This project implements an automatic medical specialty classification system using advanced Natural Language Processing (NLP) and Artificial Intelligence techniques. The main objective is to analyze clinical histories in text format and predict their corresponding medical specialty, facilitating the classification and organization of medical records.

Innovative Concept

The system combines the power of BioBERT (a pre-trained language model on biomedical literature) with classical Machine Learning algorithms to create a robust classifier that:

  • 📋 Processes complete medical transcriptions
  • 🧬 Extracts semantic features from medical language
  • 🎯 Predicts medical specialty with confidence levels
  • 📊 Can classify among multiple specialties simultaneously

📚 Technical Description

Technologies Used

  • BioBERT v1.1: Transformer model specialized in biomedical domain
  • PyHealth: Framework for healthcare data analysis
  • Scikit-learn: Machine learning model implementation
  • PyTorch: Deep learning framework
  • Transformers (Hugging Face): Library for pre-trained language models
  • Pandas & NumPy: Data manipulation and analysis

System Architecture

Clinical History (Text)
        ↓
BioBERT Tokenizer → Embeddings (768 dimensions)
        ↓
Logistic Regression → Multi-class Classification
        ↓
Prediction + Probabilities per Specialty

Development Process

1. Data Acquisition

  • Dataset: Medical Transcriptions (Kaggle)
  • Source: mtsamples.csv
  • Content: Real medical transcriptions with labeled specialties

2. Preprocessing

  • Null data cleaning
  • Selection of the 5 most frequent specialties
  • Filtering of complete clinical histories

3. Embedding Generation

  • Tokenization with BioBERT tokenizer
  • Maximum length: 128 tokens
  • Extraction of 768-dimensional vector per document

4. Model Training

  • Algorithm: Logistic Regression with class_weight='balanced'
  • Split: 80% training, 20% testing
  • Label encoding with LabelEncoder

5. Evaluation and Prediction

  • Metrics: Precision, Recall, F1-Score
  • Prediction with confidence levels per category

🚀 Installation and Usage

Prerequisites

pip install pyhealth "pandas==1.5.3" "numpy<2.0.0"
pip install transformers torch

Execution

  1. Clone the repository:
git clone https://github.com/tulio3101/PTIA.git
cd PTIA
  1. Open the notebook:
jupyter notebook PTIA_PROYECTO_FINAL.ipynb
  1. Execute cells sequentially to:
    • Download the dataset automatically
    • Train the model
    • Make predictions

📊 Results

The model is capable of classifying clinical histories into the following main specialties:

  • Surgery
  • Orthopedic
  • Cardiovascular / Pulmonary
  • Radiology
  • Gastroenterology

Prediction Example

# Sample medical note
note = """CHIEF COMPLAINT: Shortness of breath and palpitations.
HISTORY: Patient with coronary artery disease.
IMPRESSION: Atrial Fibrillation, Heart Failure."""

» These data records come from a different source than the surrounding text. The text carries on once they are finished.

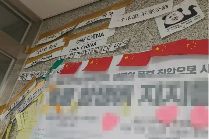在汉阳大学,中国留学生们看到乱港大字报后,用五星红旗和写有支持统一文字的便签把乱港大字报“包围起来”。
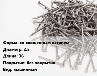 Гвоздь со скошенным острием 2.5х36 без покрытия машинный
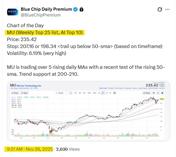 - On 11/28/25, we posted this as our Chart of the Day best idea for subscribers, at 235.42.

# System predicts: Cardiovascular / Pulmonary (with % confidence)

🎓 Academic Context

Institution: Escuela Colombiana de Ingeniería Julio Garavito
Course: Principles and Technologies of Artificial Intelligence
Period: 2025-2
Type: Final Project

Achieved Objectives

✅ Develop an AI model for disease prediction
✅ Apply preprocessing and data cleaning techniques
✅ Implement machine learning with clinical data
✅ Evaluate and validate the model with standard metrics
✅ Reinforce theoretical and practical concepts from the course

👥 Contributors

📄 License

This project is licensed under the MIT License - see the LICENSE file for details.

🔗 References


Note: This project is for academic and research purposes. It should not be used for actual medical diagnoses without proper professional supervision.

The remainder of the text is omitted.